WHAT YOU SHOULD DO
The answer must be every line below that contains the string "with".

** MATERIAL PROVIDED follows **

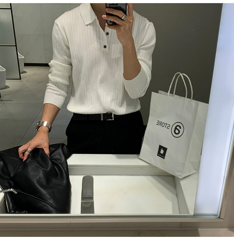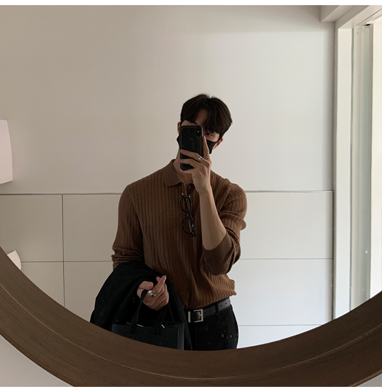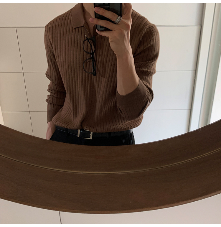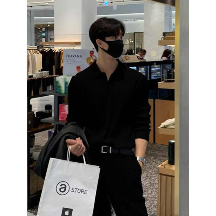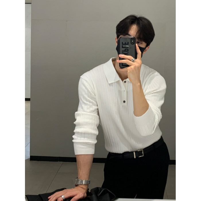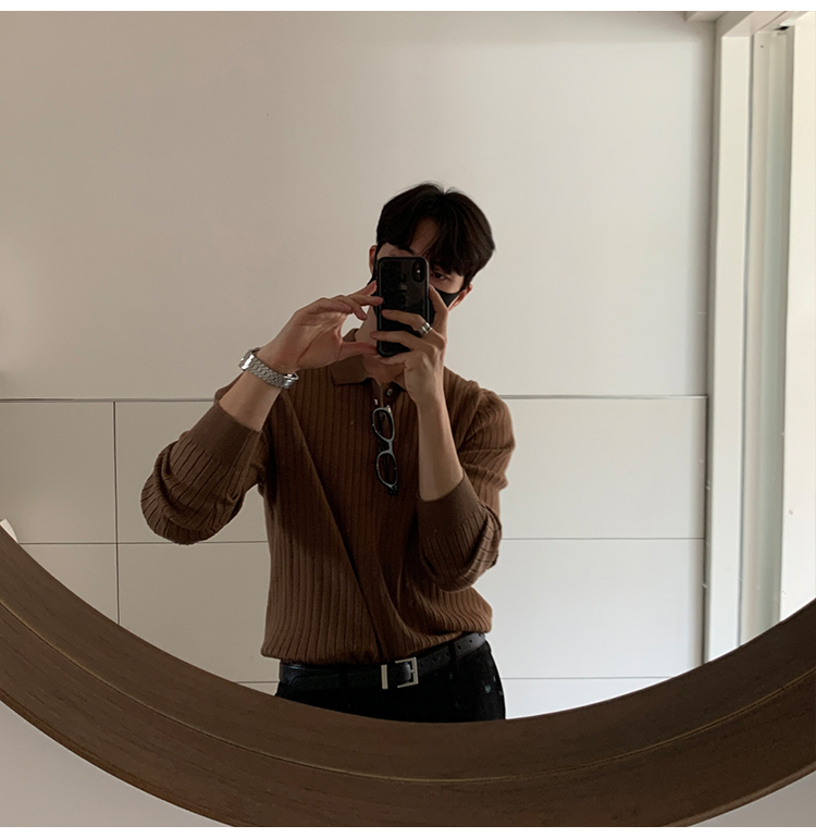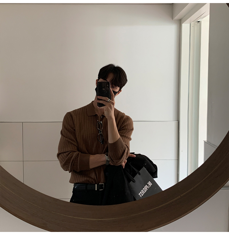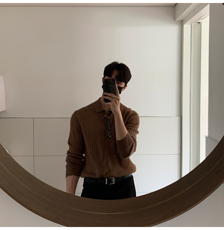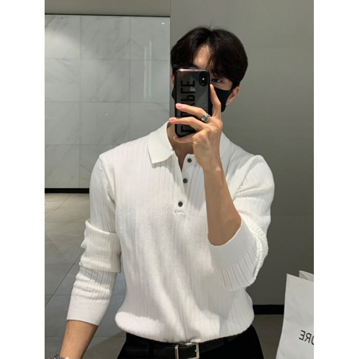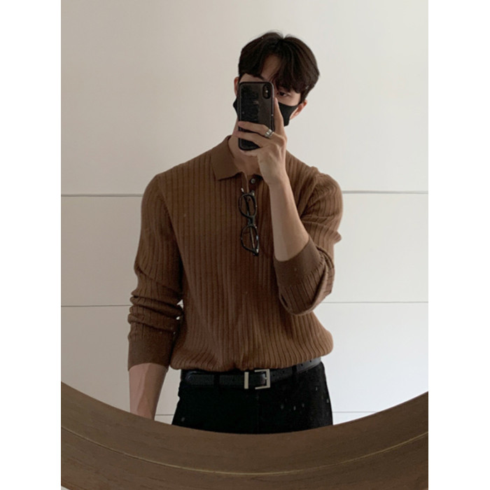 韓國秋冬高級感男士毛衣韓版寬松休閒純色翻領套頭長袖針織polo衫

** End of MATERIAL PROVIDED **
** MATERIAL PROVIDED follows **

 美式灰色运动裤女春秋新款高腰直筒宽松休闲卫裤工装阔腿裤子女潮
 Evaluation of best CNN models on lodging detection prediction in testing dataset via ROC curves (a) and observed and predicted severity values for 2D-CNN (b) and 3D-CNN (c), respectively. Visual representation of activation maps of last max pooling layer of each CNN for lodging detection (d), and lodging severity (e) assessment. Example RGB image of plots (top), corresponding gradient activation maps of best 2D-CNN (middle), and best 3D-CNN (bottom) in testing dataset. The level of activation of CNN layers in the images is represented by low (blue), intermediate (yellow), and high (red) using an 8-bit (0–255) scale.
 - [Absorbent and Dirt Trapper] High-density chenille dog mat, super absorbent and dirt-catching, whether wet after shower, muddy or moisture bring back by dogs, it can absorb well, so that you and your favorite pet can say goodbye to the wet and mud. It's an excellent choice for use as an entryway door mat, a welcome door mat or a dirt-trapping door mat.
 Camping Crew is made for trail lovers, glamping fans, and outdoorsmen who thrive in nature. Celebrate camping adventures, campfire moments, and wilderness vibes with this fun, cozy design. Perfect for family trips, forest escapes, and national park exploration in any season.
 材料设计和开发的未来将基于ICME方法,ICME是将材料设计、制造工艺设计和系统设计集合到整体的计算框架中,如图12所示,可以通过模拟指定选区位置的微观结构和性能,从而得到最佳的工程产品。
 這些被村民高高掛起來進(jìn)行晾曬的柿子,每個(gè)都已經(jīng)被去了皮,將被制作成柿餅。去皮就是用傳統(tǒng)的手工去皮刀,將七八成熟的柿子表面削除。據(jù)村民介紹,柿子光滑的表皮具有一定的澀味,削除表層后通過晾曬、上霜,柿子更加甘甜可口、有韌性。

** End of MATERIAL PROVIDED **
** MATERIAL PROVIDED follows **

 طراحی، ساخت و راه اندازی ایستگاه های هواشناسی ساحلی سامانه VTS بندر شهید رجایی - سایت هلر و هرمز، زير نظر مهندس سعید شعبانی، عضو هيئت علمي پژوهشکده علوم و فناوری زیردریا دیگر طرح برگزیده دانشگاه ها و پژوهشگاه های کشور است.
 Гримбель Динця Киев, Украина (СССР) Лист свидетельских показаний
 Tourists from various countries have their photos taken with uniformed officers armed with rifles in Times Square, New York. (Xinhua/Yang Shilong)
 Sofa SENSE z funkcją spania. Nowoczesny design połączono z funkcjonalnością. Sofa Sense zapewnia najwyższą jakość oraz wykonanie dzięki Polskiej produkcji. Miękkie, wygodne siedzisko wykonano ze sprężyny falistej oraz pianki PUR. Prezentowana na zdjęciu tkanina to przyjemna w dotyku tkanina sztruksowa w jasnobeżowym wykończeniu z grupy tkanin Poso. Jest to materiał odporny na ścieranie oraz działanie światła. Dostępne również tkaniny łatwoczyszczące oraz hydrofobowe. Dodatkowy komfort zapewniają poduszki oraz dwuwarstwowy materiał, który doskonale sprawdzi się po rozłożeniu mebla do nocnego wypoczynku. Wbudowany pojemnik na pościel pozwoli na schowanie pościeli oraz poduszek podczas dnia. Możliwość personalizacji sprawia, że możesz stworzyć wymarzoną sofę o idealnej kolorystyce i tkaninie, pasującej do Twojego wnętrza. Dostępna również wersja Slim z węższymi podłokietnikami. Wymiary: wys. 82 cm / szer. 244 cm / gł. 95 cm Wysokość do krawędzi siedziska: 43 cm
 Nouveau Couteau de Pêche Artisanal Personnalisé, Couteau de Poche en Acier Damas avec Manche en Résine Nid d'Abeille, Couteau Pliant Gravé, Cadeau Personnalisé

** End of MATERIAL PROVIDED **

ANSWER TO THIS PROBLEM
 Camping Crew is made for trail lovers, glamping fans, and outdoorsmen who thrive in nature. Celebrate camping adventures, campfire moments, and wilderness vibes with this fun, cozy design. Perfect for family trips, forest escapes, and national park exploration in any season.
 Tourists from various countries have their photos taken with uniformed officers armed with rifles in Times Square, New York. (Xinhua/Yang Shilong)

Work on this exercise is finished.